As luck would have it, a team of experts has developed DAX Editor, a Microsoft Visual Studio add-in that greatly helps in measure authoring. You can download the project from CodePlex at http://daxeditor.codeplex.com.
DAX Editor supports IntelliSense and automatic measure formatting and enables you to author all the measures in a project by using a single script view, which is convenient for developers. In addition, DAX Editor enables you to add comments to all your measures, resulting in a self-documented script that will make your life easier when maintaining the code.
In Figure 4-9, you can see the DAX Editor window with a couple of measures and some comments.
Figure 4-9 DAX Editor has syntax highlighting and many useful functions to author DAX code.
We do not want to provide here a detailed description of this add-in, which, being on CodePlex, will be changed and maintained by independent coders, but we strongly suggest that you download and install the add-in. Regardless of whether your measures are simple or complex, your authoring experience will be a much better one.
Choosing Between Calculated Columns and Measures
Now that you have seen the difference between calculated columns and measures, you might be wondering when to use calculated columns and when to use measures.

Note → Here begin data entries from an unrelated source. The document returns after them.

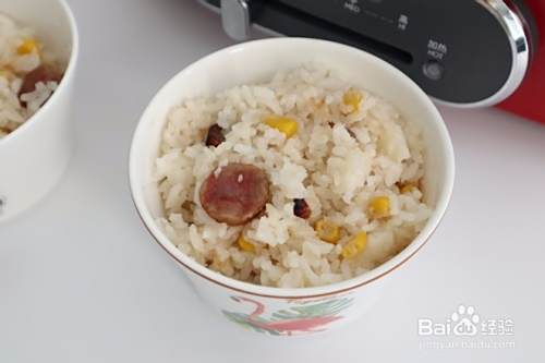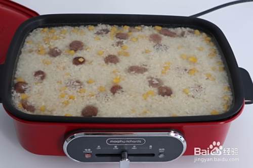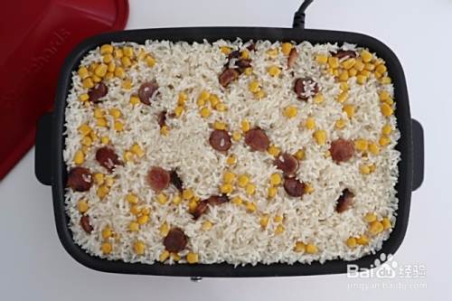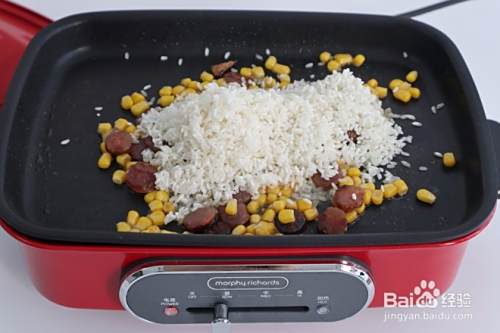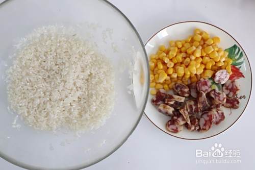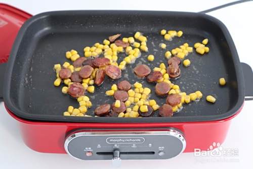 把锅子烧热,接着放入腊肠,炒香。加入玉米粒,翻炒均匀。
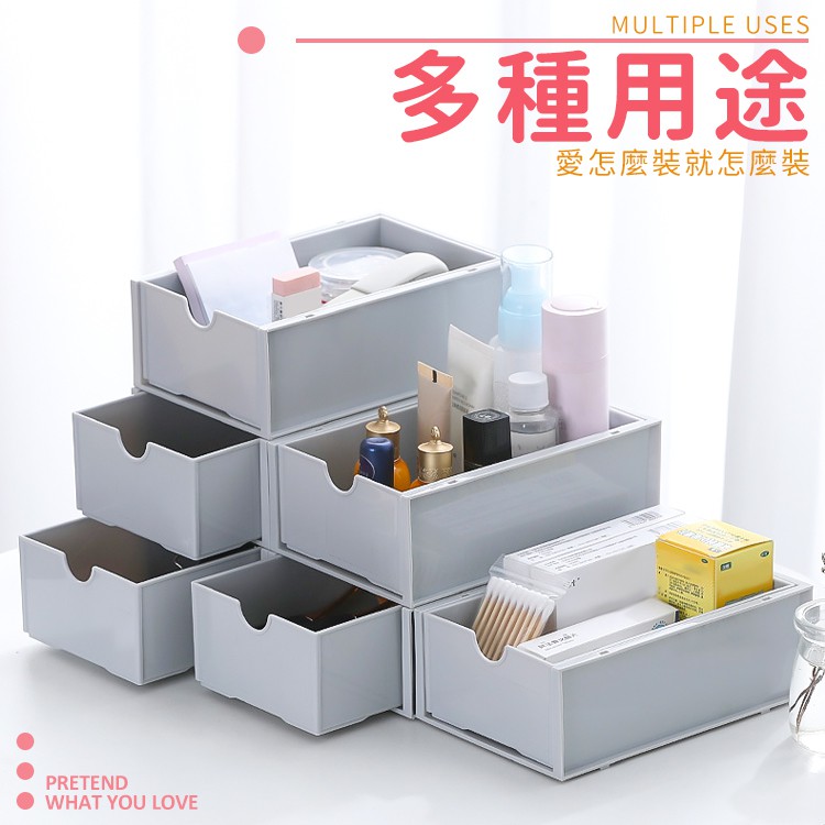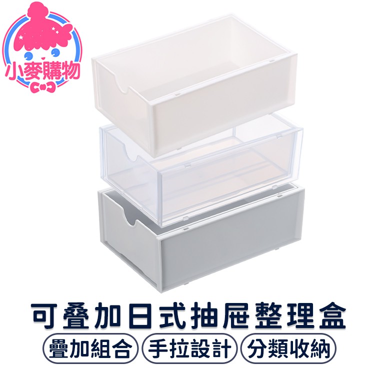 日式抽屜整理盒 抽屜盒 整理盒 收納盒 小物收納 收納抽屜 可疊加 桌上收納 多層收納 飾品收納【小麥購物】【C001】灰色|白色|透明Storage Boxes, Bags & Baskets 小麥購物
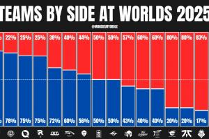 外媒统计S赛各队红蓝占比:GEN蓝色占比80%;T1红色占比86%

Sometimes either is an option, but in most situations, your computation needs determine your choice.
You must define a calculated column whenever you intend to do the following:
Place the calculated results in an Excel slicer or see results in rows or columns in a pivot table (as opposed to the Values area).
Define an expression that is strictly bound to the current row. (For example, Price * Quantity must be computed before other aggregations take place.)
Categorize text or numbers (for example, a range of values for a measure, a range of ages of customers, such as 0–18, 18–25, and so on).
However, you must define a measure whenever you intend to display resulting calculation values that reflect pivot table selections made by the user and see them in the Values area of pivot tables, for example:
When you calculate profit percentage of a pivot table selection
When you calculate ratios of a product compared to all products but filter by both year and region
Some calculations can be achieved by using calculated columns or measures, even if different DAX expressions must be used in these cases. For example, you can define GrossMargin as a calculated column.
= FactInternetSales[SalesAmount] - FactInternetSales[TotalProductCost]
It can also be defined as a measure.
= SUM( FactInternetSales[SalesAmount] ) - SUM( FactInternetSales[TotalProductCost] )
The final result is the same. We suggest you favor the measure in this case because it does not consume memory and disk space, but this is important only in large datasets. When the size of the database is not an issue, you can use the method with which you are more comfortable.